The seat became vacant after Councilman Glen Cummins was selected to become the city manager July 3.
Those interested in running will need to qualify from Aug. 25 to 27. City Hall will be open from 8:30 a.m. to 4:30 p.m. those three days. The cost to qualify is $63.
Qualifications to run for council are:
•Must be at least 21 years of age;
•Must be a registered city voter;
•Shall be a resident of the Ward they wish to represent for at least six months prior to the election and shall continue to reside therein during the member’s period of service; and
•Shall be a resident of the city of Canton for at least one year prior to the election.
Voters must be registered by Oct. 6 in order to cast a ballot in the November election.
Since Cummins vacated his seat, the term will end upon the swearing in of any new council members in January 2016. Downtown Canton businessman Farris Yawn already announced his plans to run for the council seat.
For further information regarding qualification for office, contact Canton City Clerk Susan Stanton at (770) 704-1507 or email at email@example.com.
Mayor Gene Hobgood also asked the council Thursday night to have another Ethics Committee meeting and properly advertise it.
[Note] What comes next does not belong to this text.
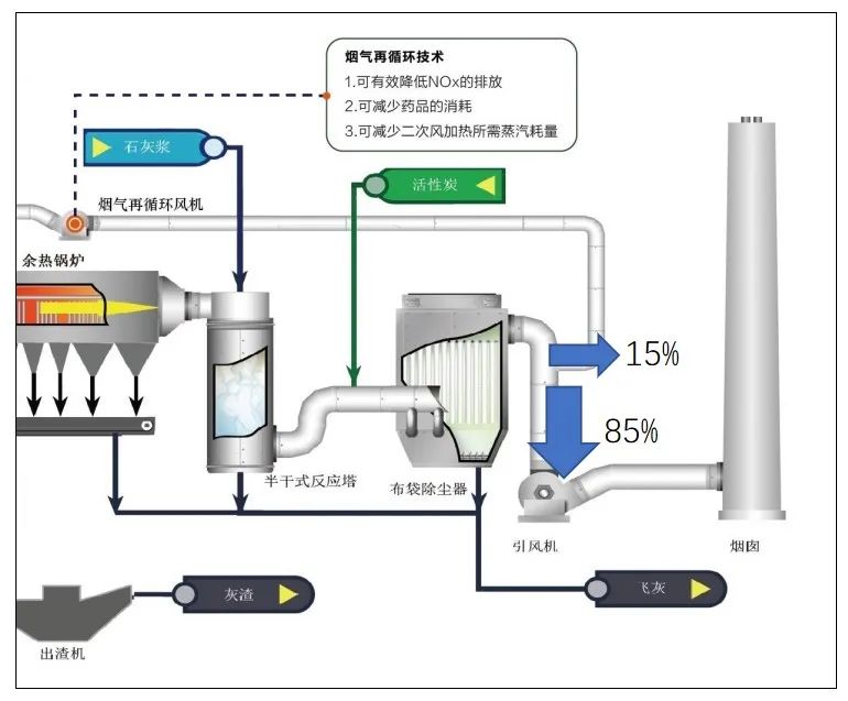 目前能夠滿足《生活垃圾污染控制標準》(GB18485-2014)和歐盟EU2010/75/EC排放標準的煙氣凈化處理工藝以“SNCR+半干法+干法+活性炭+袋式除塵”和“SNCR+半干法+干法+活性炭+袋式除塵+濕法”為主。但部分省市對NOx的排放標準提出了更高的要求,如DB37/2376-2013山東省區(qū)域性大氣污染物綜合排放標準的重點控制區(qū)域NOx限值為100mg/m3,垃圾焚燒煙氣NOx排放濃度限值低于100mg/m3成了一個趨勢。部分焚燒項目因此增加了SCR工藝以適應更高的環(huán)保要求。主流的脫硝技術(shù)包括焚燒爐燃燒控制爐溫、煙氣再循環(huán)技術(shù)、SNCR系統(tǒng)、SCR系統(tǒng)以及ICR(PNCR)系統(tǒng),其中焚燒爐燃燒控制爐溫與煙氣回流技術(shù)可有效降低原始NOx濃度。但通常采用焚燒爐燃燒控制爐溫、煙氣回流以及SNCR脫硝系統(tǒng)的情況下,NOx排放值仍無法穩(wěn)定控制在100mg/m3以內(nèi)。針對NOx排放限值為100mg/m3的垃圾焚燒項目,目前國內(nèi)垃圾焚燒發(fā)電廠采用的脫硝工藝有SNCR+SCR系統(tǒng)以及SNCR+ICR(PNCR)系統(tǒng)。從上海環(huán)境洛陽項目應用組合“煙氣再循環(huán)+SNCR+ICR(PNCR)”脫硝工藝后運行工況穩(wěn)定性較好,綜合成本更低。對于原先未采用煙氣再循環(huán)工藝的焚燒廠,如在引風機前增加煙氣再循環(huán)工藝,可有效降低引風機的電功率,利用再循環(huán)風替代原有二次風,可實現(xiàn)引風機的運行功率降低約10%。而且,應用煙氣再循環(huán)工藝后,爐內(nèi)過量空氣系數(shù)降低,焚燒爐出口NOx原始濃度可降低約30%-40%,穩(wěn)定控制在200mg/Nm3以內(nèi),入爐噸垃圾尿素消耗量可節(jié)約0.5kg左右,降低系統(tǒng)運行的能耗和藥劑消耗,實現(xiàn)碳減排。

Canton resident Andrew Potts filed an ethics complaint last month against Cummins, claiming since he was both a seated council member and acting city manager at the time, he should not have been able to participate in the city manager selection process.
The complaint was reviewed and dismissed Tuesday by the committee, which was made up of Council members Sandy McGrew and Jack Goodwin and City Attorney Bobby Dyer.
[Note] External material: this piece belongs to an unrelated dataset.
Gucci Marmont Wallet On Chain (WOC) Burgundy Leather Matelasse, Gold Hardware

However, the public and media were notified only an hour before the meeting was set to begin. Council agreed to have the committee meet again at 4 p.m. Wednesday at City Hall so the public can be notified properly.
In other business, council members discussed options to solve the sound problems at City Hall. Director of Technology Camille Wehs said the city will be spending about $1,500 for acoustic engineers to conduct a study and find out what the best solution is. One citizen described the sound as being similar to talking in a tunnel. Councilman Bill Grant noted the sound is even worse for those watching online.
Wehs also gave the council an option to test wireless lapel microphones. She said it would cost about $17,600 to buy the new mics, programming and sound board. However, she is unsure if it will fix the problem.
“The walls in here are all flat and the sound is just bouncing around. There’s nothing to absorb the sound when the council talks into the mics. Even if you purchase the new mics, the problem could continue,” Wehs said.
Councilman John Rust said it makes more sense to move forward with the acoustic study because buying new mics could just add to the problem. He also suggested council members practice speaking within two inches of the microphones.
In other business, the city:
•Approved Marietta Road water line contract and bid for $220,732.75;
•Approved to hold a budget hearing Aug. 7; and
•Approved Chief Finance Officer Nathan Ingram to apply for the Georgia Department of Economic Development Tourism Division and Georgia Council for the Arts grant. The grant, if received, will help pay for signage improvements around the city.